Wine tasting at Maison Galhaud, St Emilion
We love visiting a big old place with a nice cellar and Maison Galhaud is fantastic for that. Hewn into the living rock and deeply atmospheric, it really reeks of generations of proud French wine-making tradition. And damp, there is a slight smell of damp.
They have a beautiful tasting room with a massive variety of wine on offer, so we just took the opportunity to taste two – a Bordeaux of the house and also a Saint Emilion Grand Cru which is bottled at the chateaux.
Manoir Galhaud 2010
Bordeaux
This wine has a deep but fresh and rounded nose, bursting with deep notes of cherry and black fruit. It’s delicate colour has a slight halo of aging around the rim. The flavour continues the rounded theme, but it is quite punchy with heavy savoury flavours of black fruit but also an interesting element of apricot. Not a bad little find and very reasonably priced for the quality at 10 EUR per bottle on site.

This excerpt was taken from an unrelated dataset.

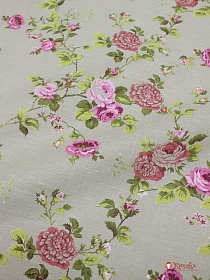 Полулен "Роза прованс на сером", ш.1.5м, лен-30%, хлопок-70%, 135гр/м.кв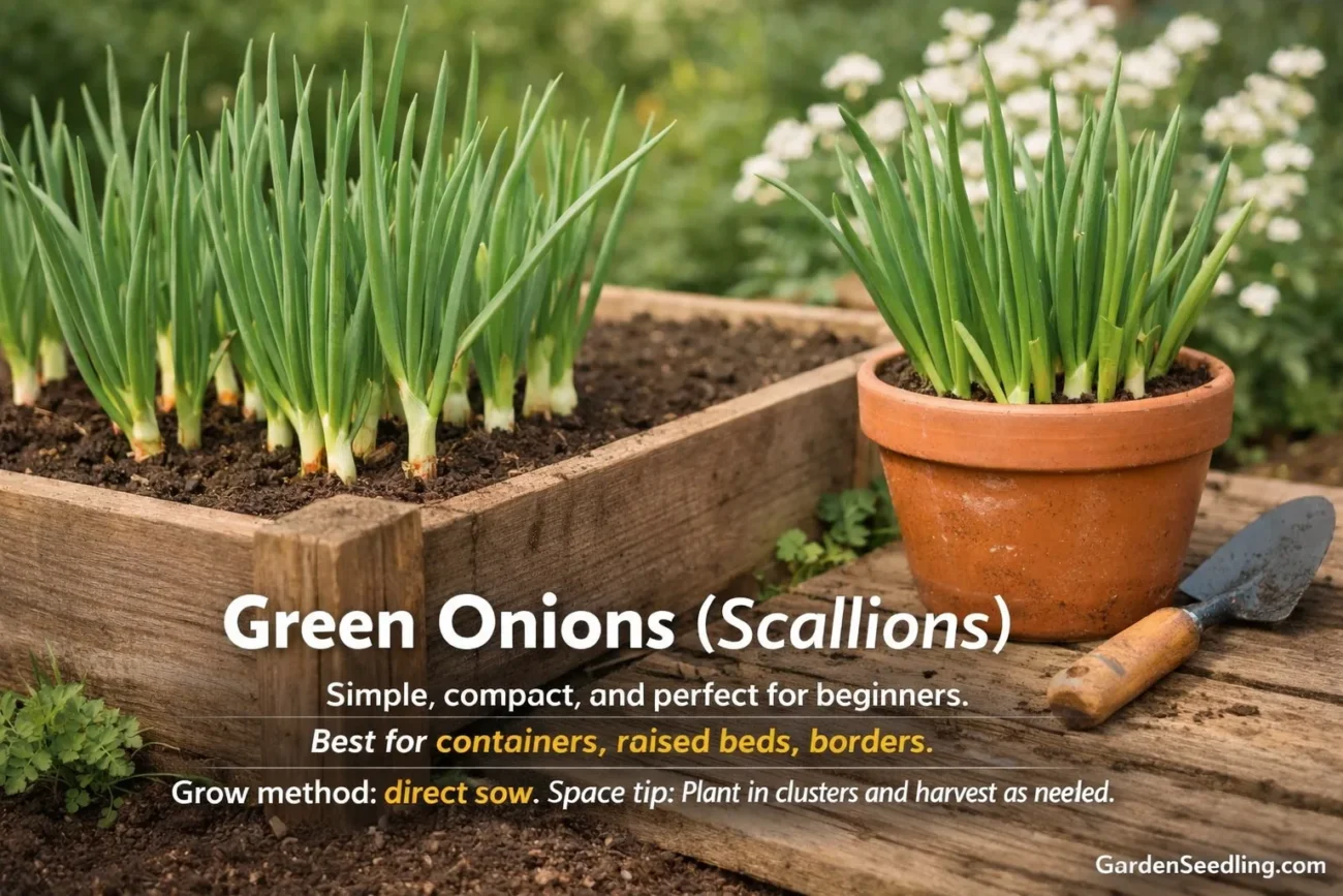 | Green Onions | Fast | Full sun to part shade | Very low | Direct sow | Perfect for edges and containers |

Chateau la Rose Brisson 2012
Saint Emilion Grand Cru
Also made at Maison Galhaud. An attractive light garnet colour this has black cherry notes on the nose, and more of an ethanol punch in the mouth as well as being tannic and fruity. It has a slight astringency on the mouth, but a lighter body than the Manoir Galhaud Bordeaux, which you would expect from a St Emilion AOC. I tasted very slight vegetal hints and it stayed consistent throughout the tasting, with no real change on the afternose. At 20 EUR a bottle, it was a little more than I would have been prepared to say, but that is not to deny the quality for somebody whose palette this wine suited better.